On the AIX® operating system, the optional integration between DB2® service classes and AIX WLM classes permits you to control the amount of processor resource allocated to each service class.
Implementing AIX WLM controls may not be needed to meet your performance objectives, but even if you do not need to exercise AIX WLM, the operating system statistics provided by AIX WLM per AIX class are often useful for monitoring and tuning efforts.
AIX WLM assigns relative or absolute amounts of processor resource as shares to classes which benefit from controls that you can change dynamically and that become effective immediately. If relative AIX CPU shares do not provide the level of control you require, you also have the choice of assigning hard maximum percentage of CPU resource. By doing so, you surrender some of the flexibility of relative CPU allocation, which is useful during off-peak times, but you also gain excellent and guaranteed control with a hard maximum limit on CPU time resource allocation.
Use a 1:1 mapping of DB2 service classes to AIX Workload Manager service classes to take advantage of AIX WLM processor controls. By having a 1:1 mapping between DB2 service classes and AIX Workload Manager service classes, you can adjust the AIX processor resource for each DB2 service class individually to meet your business priority goals.
When a DB2 environment consists of a single database in a single DB2 instance, such as the example portrayed in the previous figure, it is possible to map directly between DB2 service classes and AIX Workload Manager classes. Each DB2 service superclass can have a corresponding AIX Workload Manager service superclass and each DB2 service subclass can map to a corresponding AIX service subclass.
An alternative configuration is to map each DB2 service superclass to its own AIX Workload Manager superclass, which results in four superclasses in this example. In this situation, the database level of resource control is represented explicitly in the AIX Workload Manager service class definitions.
Mapping between DB2 service classes and AIX Workload Manager classes is specified for the DB2 service class using the OUTBOUND CORRELATOR keyword of the CREATE SERVICE CLASS or the ALTER SERVICE CLASS statements.
When a thread joins a DB2 service class, the DB2 data server calls the appropriate AIX Workload Manager API to associate the thread to the corresponding AIX service class. The DB2 data server sends the thread's target AIX service class to the AIX Workload Manager by passing it the application tag set in the OUTBOUND CORRELATOR parameter.
You must ensure that the AIX Workload Manager is properly installed, configured, and active. If the DB2 data server cannot communicate with the AIX Workload Manager, a message is logged to the db2diag log files and DB2 administrator log. The database activity continues.
The DB2 data server cannot detect whether the OUTBOUND CORRELATOR value that it passes to the AIX Workload Manager is recognized by the AIX Workload Manager. You must verify that the value specified for the DB2 service class matches the application tags that map DB2 threads to the AIX service classes. If the OUTBOUND CORRELATOR value is not recognized by the AIX Workload Manager, the database activity continues to execute.

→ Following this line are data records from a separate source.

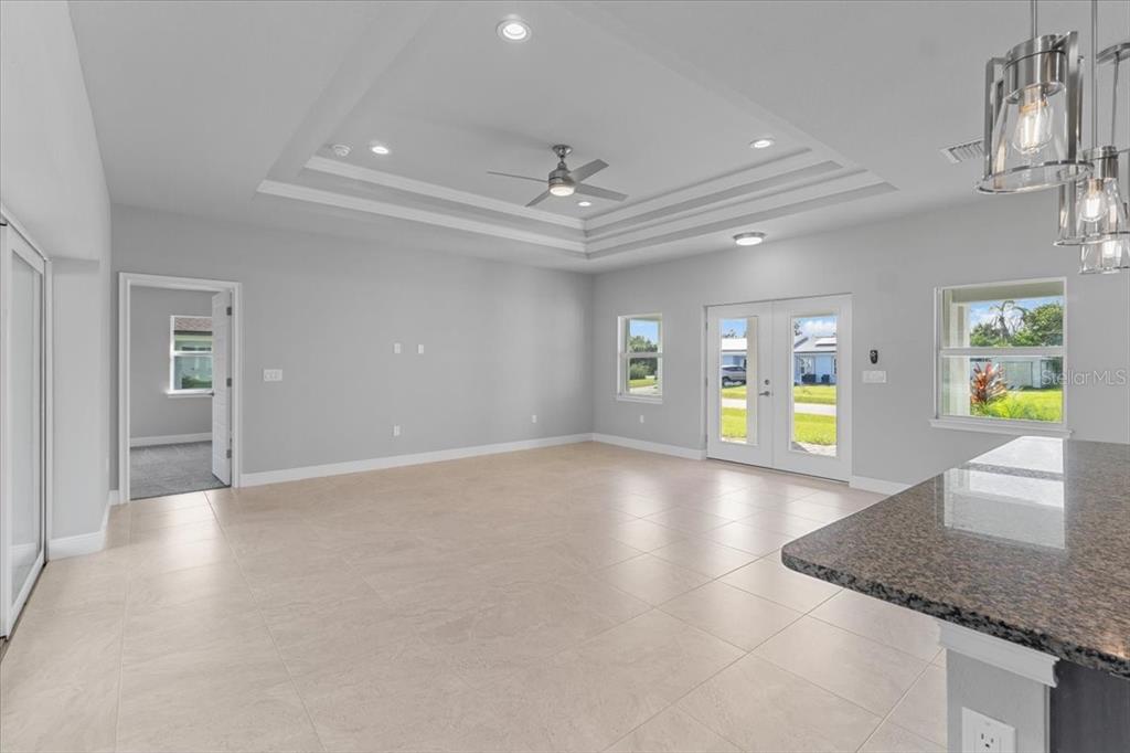 Completed new home, move-in ready. the pinehurst from harbor home builders. a welcoming front porch with seating space leads to a double door entry with 11' foyer ceiling. expansive open floorplan with porcelain tile throughout (shaw brand carpeting in bedrooms) pocketing 12' impact sliding doors leading to covered lanai. kitchen features a 3' x 8' island with an undermount double bowl stainless sink, stainless appliances, disposal, wood cabinets. and granite countertops. the mater bedroom has a walk-in closet and a second closet as well. master bath features wak-in tiled shower, twin vanities with full width mirrors, wood cabinetry and granite counters and an enclosed toilet. other features include: impact windows throughout, 6' 8" interior doors with 2 1/4/" wood casing, stepped ceilings in living room and master bedroom with crown moulding, designer lighting, inside laundry room, 15 seer a/c with programable thermostat, r30 blown or batt ceinling insulation, taexx inwall pest control system, and more. please call today for a private tour.9461 ATTICA, PORT CHARLOTTE, FL 33981
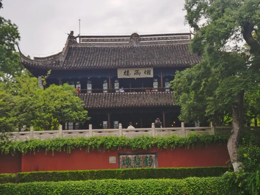 继续向前便是烟雨楼,烟雨楼之美,历来吟咏不绝,100年前中国共产党诞生的大事件更是令其名声大噪。登楼远眺,整个南湖尽收眼底,看到河岸边的红船,仿佛又回到那个风雨如磐的年代,早期共产党员不畏艰难、不惧危险,毅然将一大会议转移至红船之上,烟雨楼也因此见证了中共诞生这一“开天辟地”的大事件。南湖红船点燃的星星之火,形成了中国革命的燎原之势,使四海翻腾,五岳震荡,这正如董必武在楼下正厅楹联所书“烟雨楼台,革命萌生,此间曾着星星火,风云世界,逢春蛰起,到处皆闻殷殷雷。”
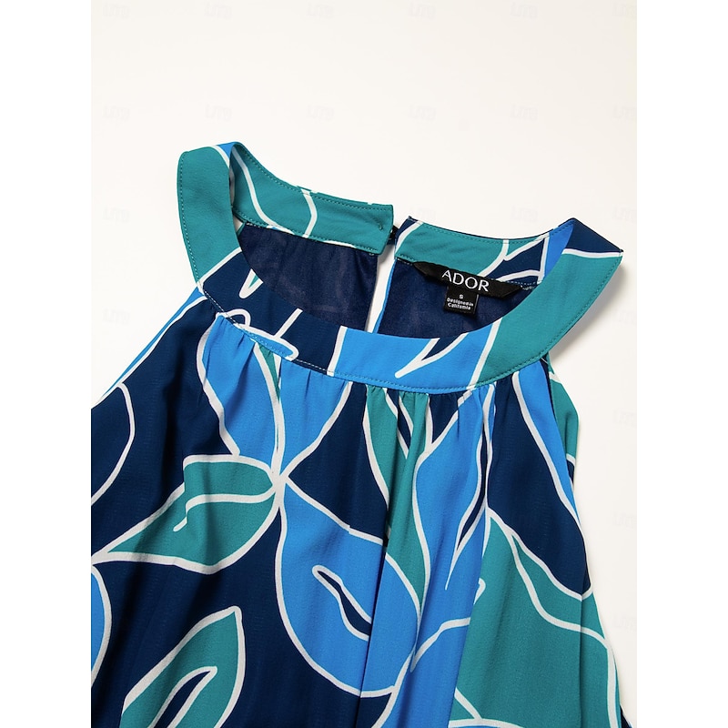Women's Chiffon Dress Maxi Dress Blue Purple Sleeveless Floral Ruffle Printing Spring & Summer Round Pattern Dress XS S M 11
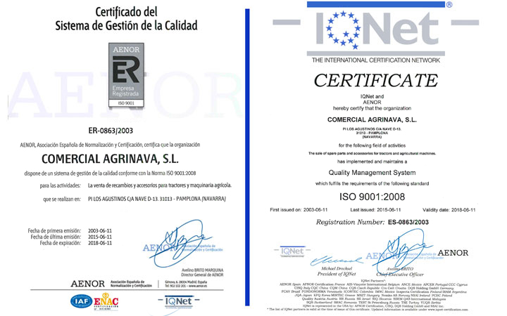 Como resultado del esfuerzo que realiza AGRINAVA en la mejora de la calidad, tenemos los certificados emitidos por AENOR según la norma ISO-9001.

For more information on the AIX Workload Manager, see the AIX Information Center at http://publib.boulder.ibm.com/infocenter/pseries/v5r3/index.jsp
The AIX Workload Manager can be used to control the amount of processor resource allocated to each service class. Options include setting a minimum, maximum, or relative proportion share of processor resource for each service class.
When integrating the AIX Workload Manager with DB2 Workload Management, only processor resource allocation is supported. You should not set memory and I/O settings for the AIX classes. DB2 database-level memory is shared among all agents from different DB2 service classes, so you cannot divide memory allocation between different service classes. AIX-level I/O control does not support the DB2 engine threaded model. To control I/O, you can use the prefetcher priority attribute of a DB2 service class to differentiate I/O priorities between different DB2 service classes.
If you use AIX to control the amount of processor resource allocated to a service class, do not also change the agent priority setting for that DB2 service class. Use only one of these mechanisms to govern the access to processor resource. You cannot set both the AGENT PRIORITY and the OUTBOUND CORRELATOR value for a service class. See Agent priority of service classes for more information.
AIX Workload Manager settings should be consistent on all physical computers that participate in an instance. For example, if the resource setting for an AIX service class is set high on one computer, the same setting should be used for that AIX service class on all other computers. If the resource usage settings are inconsistent across computers, requests running in the same AIX service class will exhibit different performance levels on different database members. This situation can lead to poor overall throughput for connections in an AIX service class.